- EXERCISE OBJECTIVE -
Take the lines below from the one with "Este unicornio de" through the one with "Sac bandoulière fourre" and retype them exactly. Include nothing else, and no pictures.

- DATA FOR THE TASK -
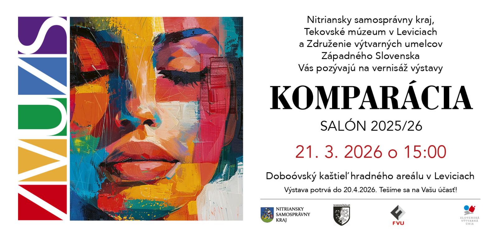 Tekovské múzeum v Leviciach a Združenie výtvarných umelcov Západného Slovenska si Vás dovoľujú srdečne pozvať na slávnostné otvorenie výstavy „Komparácia“ Salón 2025/2026, ktoré sa uskutoční 21. marca 2026 o 15.00 hod.
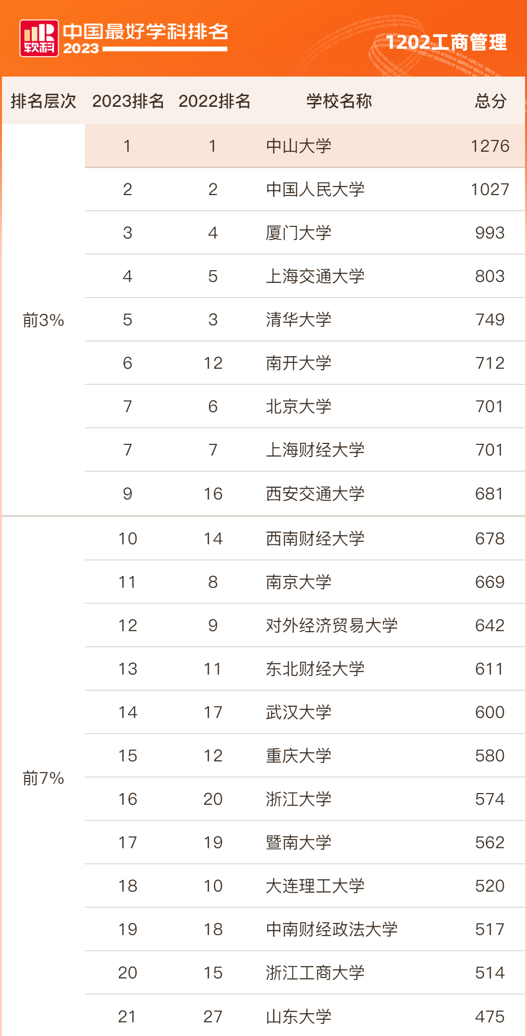 2023年11月8日,高等教育评价专业机构软科正式发布“2023软科中国最好学科排名”。中山大学工商管理学科再次领跑,在全国307所拥有工商管理学科的高校中,连续五年排名全国第一。据悉,本次工商管理学科排名共有153所大学上榜,中山大学、中国人民大学、厦门大学、上海交通大学、清华大学、南开大学、北京大学、上海财经大学、西安交通大学位列前3%。
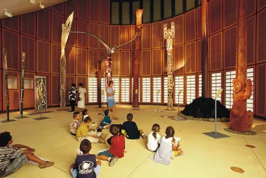 Chiar daca designul cladirilor este unul modern, se simte foarte bine suflul traditional, arhitectul inspirandu-se pentru crearea lor din colibele kanacilor si a populatiei indigene.
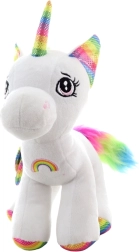 Este unicornio de peluche blanco con detalles arcoíris está hecho para los abrazos más tiernos. Su superficie suave, los ojos bordados y la fabricación segura sin piezas pequeñas extraíbles lo convierten en el compañero perfecto para bebés y niños más grandes. Destaca por su aspecto adorable y su ligereza para el juego diario y un adormecimiento reconfortante.
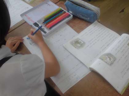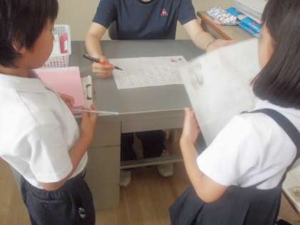 2年生が国語の授業で、「お手紙」という物語を学習していました。登場人物にはかえるくんが出てきます。子どもたちは文章を読みながら、かえるくんのしたことや動きについて、一つずつ確認しながらノートに書き写していきました。できたら先生に見てもらいます。「はい、あっていますよ」・・・先生から「はなまる」をもらって、子どもたちもうれしそうでした。
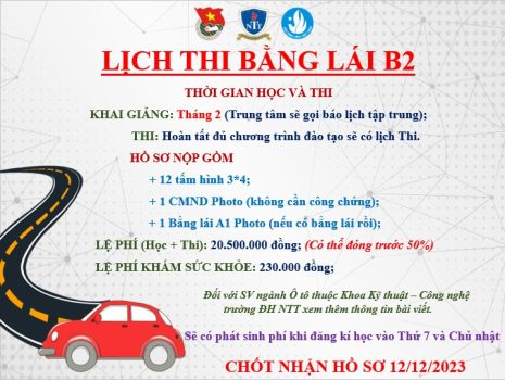 HẠN CHÓT ĐĂNG KÝ CHO BẰNG LÁI Ô TÔ B2: Lúc 12h00 ngày 12/12/2023
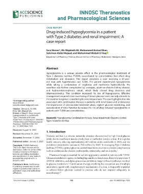 Citation: Shreen S, Ali MW, consideration of renal function to reduce the risk of drug-induced hypoglycemia in
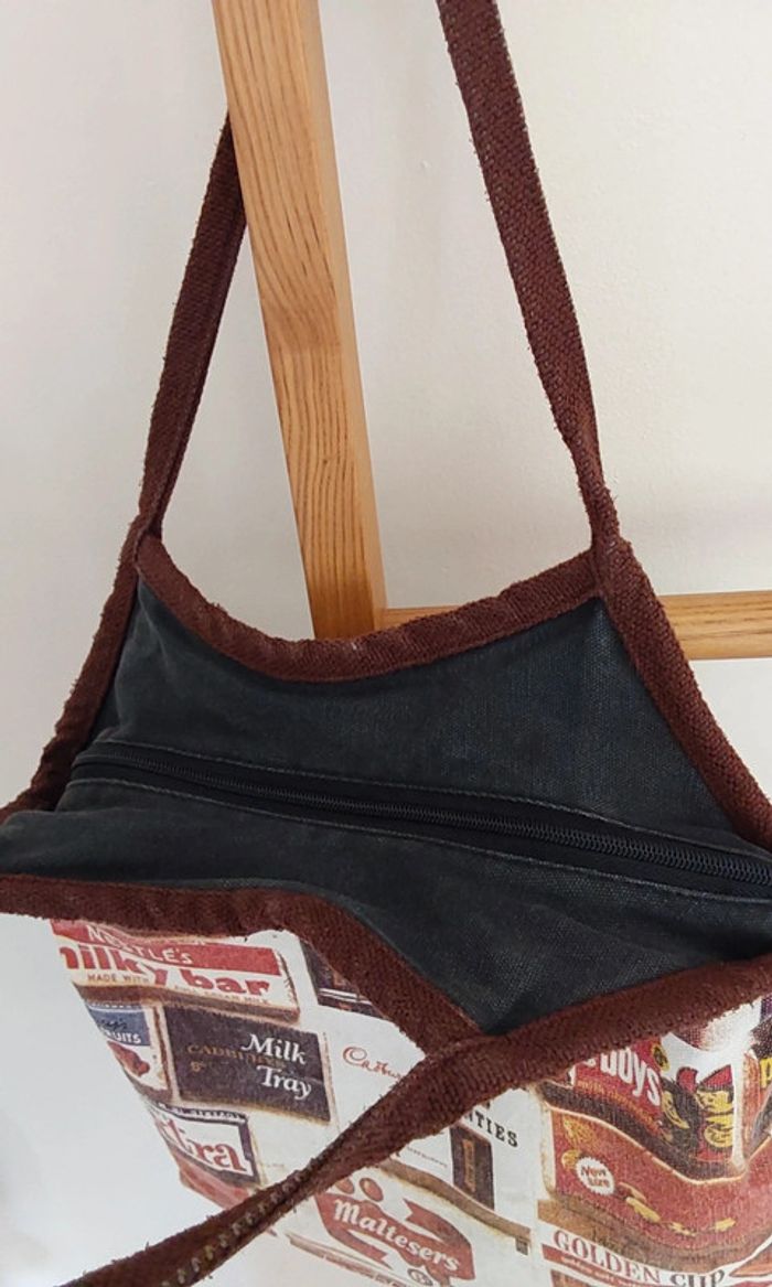Sac bandoulière fourre tout cabat imprimé tissu vintage - photo numéro 7
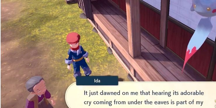 Atrapar Pokémon Shiny raros en Leyendas: Arceus atrae a los coleccionistas, pero At Home Under The Eaves ofrece un tipo diferente de recompensa emocional. Ida sugiere que la brisa cerca del mar podría ser mejor para Chimecho, pero el Pokémon rechaza la ubicación aislada porque está demasiado lejos de los aldeanos. Ida vuelve a empatizar, observando que Chimecho prefiere “lugares animados”, tal como lo hace ella. Pocos lugares son más animados en Jubilife que el campo de entrenamiento, pero cuando se le pide que entrene con otros Pokémon, Chimecho se da la vuelta porque, yendo contra la corriente de la serie, “A Chimecho no le gusta pelear.” Ida entiende, diciendo: “Yo Supongo que es natural que a algunos Pokémon no les guste pelear. Siento asustarte, Chimecho.” La sugerencia final es la casa de al lado, ya que debería proporcionar el mismo confort que la de Ida. En este punto, Ida y Chimecho llegan a la misma conclusión, y ella concluye que, después de todo, le gustaría que Chimecho se quedara con ella y dice: “Me acabo de dar cuenta de que escuchar su adorable grito debajo de los aleros es parte de mi rutina ahora.!”

- THE COMPLETED TASK -
 Este unicornio de peluche blanco con detalles arcoíris está hecho para los abrazos más tiernos. Su superficie suave, los ojos bordados y la fabricación segura sin piezas pequeñas extraíbles lo convierten en el compañero perfecto para bebés y niños más grandes. Destaca por su aspecto adorable y su ligereza para el juego diario y un adormecimiento reconfortante.
 2年生が国語の授業で、「お手紙」という物語を学習していました。登場人物にはかえるくんが出てきます。子どもたちは文章を読みながら、かえるくんのしたことや動きについて、一つずつ確認しながらノートに書き写していきました。できたら先生に見てもらいます。「はい、あっていますよ」・・・先生から「はなまる」をもらって、子どもたちもうれしそうでした。
 HẠN CHÓT ĐĂNG KÝ CHO BẰNG LÁI Ô TÔ B2: Lúc 12h00 ngày 12/12/2023
 Citation: Shreen S, Ali MW, consideration of renal function to reduce the risk of drug-induced hypoglycemia in
Sac bandoulière fourre tout cabat imprimé tissu vintage - photo numéro 7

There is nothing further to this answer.